TRY IT -
The required output is the line with "Master Suite –" plus all lines that follow it to the end of the listing below, written out exactly, with no pictures.

DATASET EXCERPT -
_ _ _ _ _ _ _

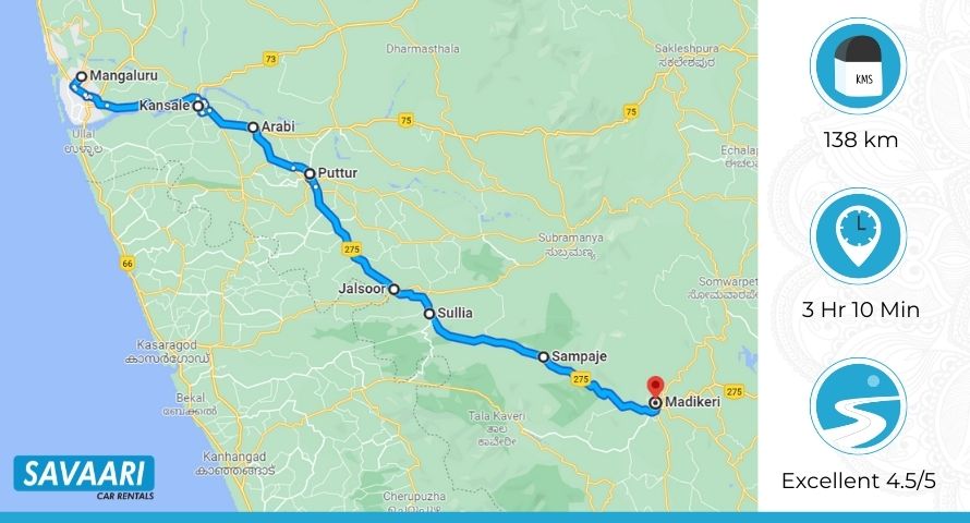 Route 2: Distance and time taken from Mangalore to Coorg via NH 66 & NH 275
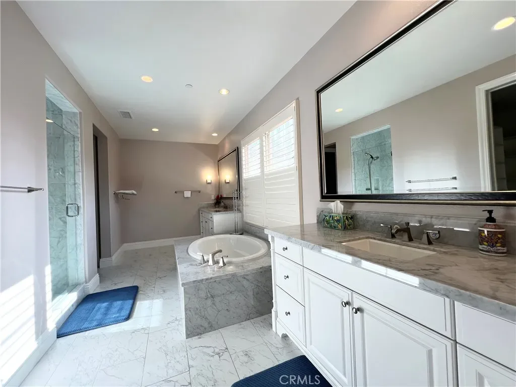 Master Suite – walk-in closet, dual vanities, separate bathtub, and glass-enclosed shower.
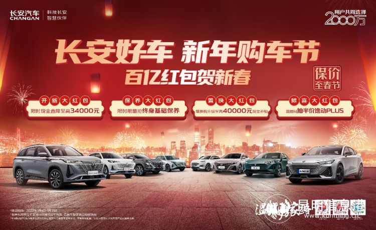 新年新诗新气象。值此辞旧迎新之际,长安汽车将于2024年1月启动全新钜惠购车礼遇,包括全系限时现金直降至高34000元,限时限量抢终身基础保养,增换购升级至高40000元现金补贴,直播间抽半价逸动PLUS等超值福利,让品质好车唾手可得,携手用户开启2024愉悦出行新体验——开长安好车,享美好生活。
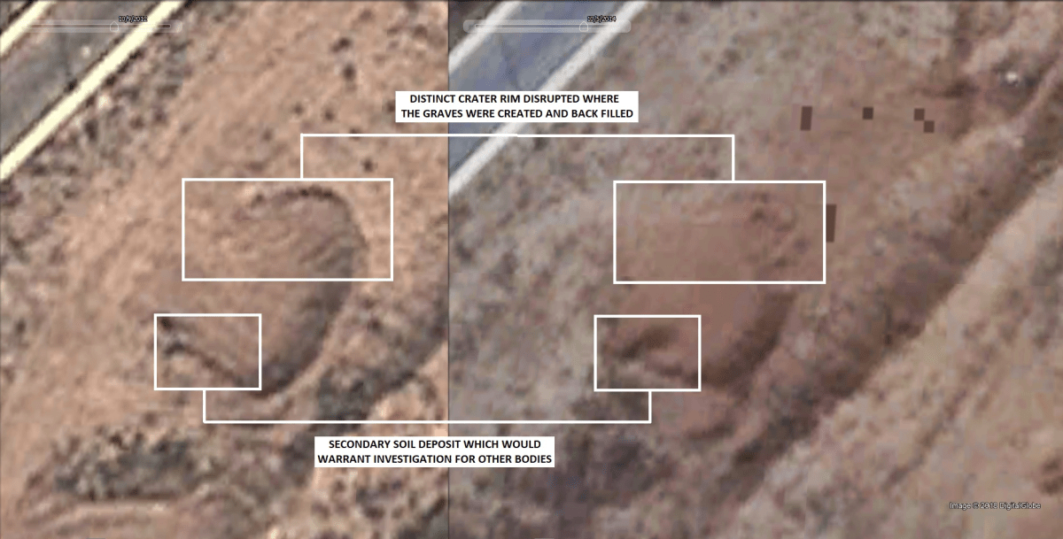 “Examining the site through Google Earth’s historical archive, there is no overt indication that the graves have been disrupted since the time they were created by the IS executioners. As such, the crime scene likely remains intact, though weathered by time.”

_ _ _ _ _ _ _

TASK OUTPUT -
 Master Suite – walk-in closet, dual vanities, separate bathtub, and glass-enclosed shower.
 新年新诗新气象。值此辞旧迎新之际,长安汽车将于2024年1月启动全新钜惠购车礼遇,包括全系限时现金直降至高34000元,限时限量抢终身基础保养,增换购升级至高40000元现金补贴,直播间抽半价逸动PLUS等超值福利,让品质好车唾手可得,携手用户开启2024愉悦出行新体验——开长安好车,享美好生活。
 “Examining the site through Google Earth’s historical archive, there is no overt indication that the graves have been disrupted since the time they were created by the IS executioners. As such, the crime scene likely remains intact, though weathered by time.”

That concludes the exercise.